▸ The data

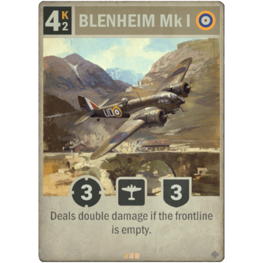 The BLENHEIM Mk I is a Limited British Bomber unit. It costs 4 Kredits to play, 2 Kredits to operate, has 3 attack and 3 defense. It deals double damage of the frontline is empty.
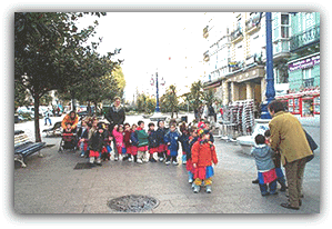 Nuestros alumnos de 3 añitos salen por primera vez fuera del centro con motivo de estar realizando las actividades del Tema de Trabajo "La Calle".
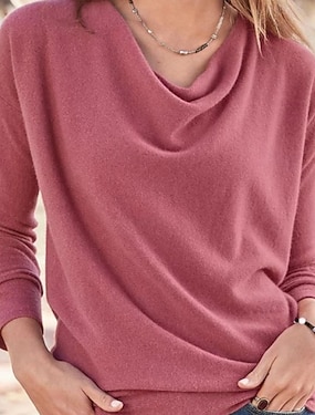 Femmes Chemisier Couleur Unie Élégant Occasionnel manche longue Col ras du cou Hauts Réguliers Quotidien Bleu Noir Blanche Violet Fuchsia Automne Hiver

▸ Task to carry out
Take the whole listing above and copy it exactly. Pictures do not go into the copy.

▸ Solution to this problem
 The BLENHEIM Mk I is a Limited British Bomber unit. It costs 4 Kredits to play, 2 Kredits to operate, has 3 attack and 3 defense. It deals double damage of the frontline is empty.
 Nuestros alumnos de 3 añitos salen por primera vez fuera del centro con motivo de estar realizando las actividades del Tema de Trabajo "La Calle".
 Femmes Chemisier Couleur Unie Élégant Occasionnel manche longue Col ras du cou Hauts Réguliers Quotidien Bleu Noir Blanche Violet Fuchsia Automne Hiver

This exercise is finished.